J’en viens maintenant à un dernier point. Je me félicite des mesures que vous préconisez en faveur des petites et moyennes entreprises. C’est vraiment là que réside le gisement du mécénat. 83 % des entreprises mécènes sont des petites ou moyennes entreprises. Ce n’est pas l’envie qui leur manque de faire du mécénat, mais elles ont besoin d’être accompagnées. Le fait de structurer en région un accompagnement, de fédérer des acteurs qui agissent parfois en ordre dispersé, pourrait se révéler extrêmement productif. De plus en plus, les petites et moyennes entreprises se regroupent en clubs pour soutenir des projets culturels ou une institution. Elles créent de petites fondations pour soutenir un territoire. L’idée d’accroître l’attractivité d’un territoire est ainsi très importante dans la décision prise par une entreprise de s’engager dans le mécénat.

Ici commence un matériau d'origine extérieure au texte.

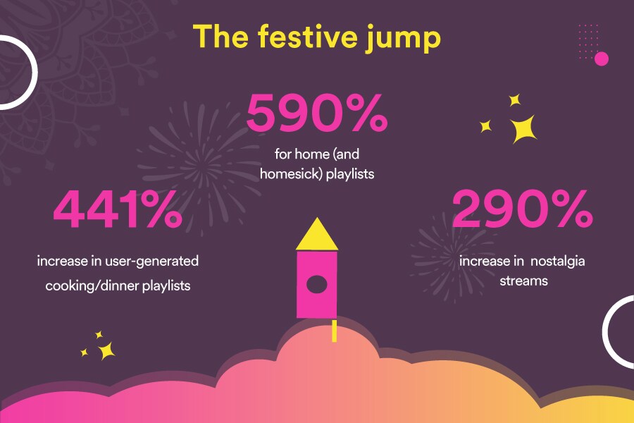 Listeners are in the mood for memories as much as living in the moment with activities such as festive cooking. A massive 441% increase in user-generated cooking/dinner playlists bears this out while a growth of 290% for nostalgia streams and 590% for home (and homesick) playlists show that listeners are turning to music to connect with memories of good times past. This provides a unique opportunity for brands to tune in to consumers and engage with them in more ways than one.

En résumé, nous sommes très optimistes sur le développement du mécénat culturel, en particulier celui des petites entreprises.

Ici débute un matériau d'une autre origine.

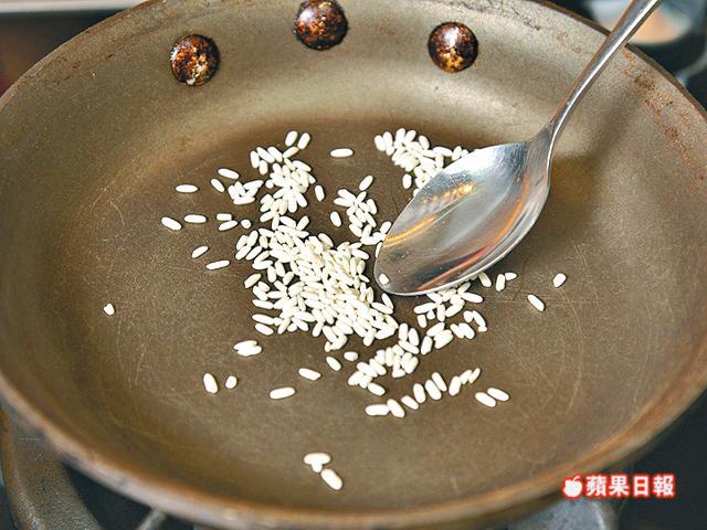 1.生糯米用白鑊烘至金黃色,待凉後磨成粉末,備用。

Mme Françoise de Panafieu. Je voudrais rendre hommage aux personnalités ici présentes qui ont pris ou vont prendre la parole. Par-delà les étiquettes politiques, nous apprécions tous le travail réalisé, que ce soit au Centre national d’art et de culture Georges Pompidou ou au château de Fontainebleau. Ce dernier est devenu un établissement public et ses résultats en termes de fréquentation ont été récemment soulignés par la presse. Les personnalités ici présentes sont donc d’excellents « patrons » de leurs établissements.

Il ne s’agit pas de prôner un désengagement de l’État. L’État a toujours été mécène. Cela dit, il est vrai que nous sommes dans une période difficile sur le plan financier. En tout cas, il me paraît profondément sain d’associer le secteur privé, les entreprises, les mécènes, à une démarche structurée par l’État ou les collectivités territoriales. Il faut avancer sans œillères, en veillant à ce que l’État remplisse son rôle, comme il l’a toujours fait au cours de notre histoire. Chacun peut y trouver son compte. Je me souviens, lorsque j’étais chargée des affaires culturelles de la ville de Paris, de la restauration très lourde des statues de la place de la Concorde représentant les grandes villes de France. Nous avons été accompagnés par l’entreprise Béghin Say sans pour autant que la ville de Paris ou l’État ne se défausse. Cette entreprise nous disait qu’elle avait trouvé là le moyen de fédérer son personnel et à quel point celui-ci était fier de cet accompagnement. C’est quelque chose que les entreprises cherchent et qui leur permet de n’être pas que des entités « industrielles », mais de pouvoir se dépasser.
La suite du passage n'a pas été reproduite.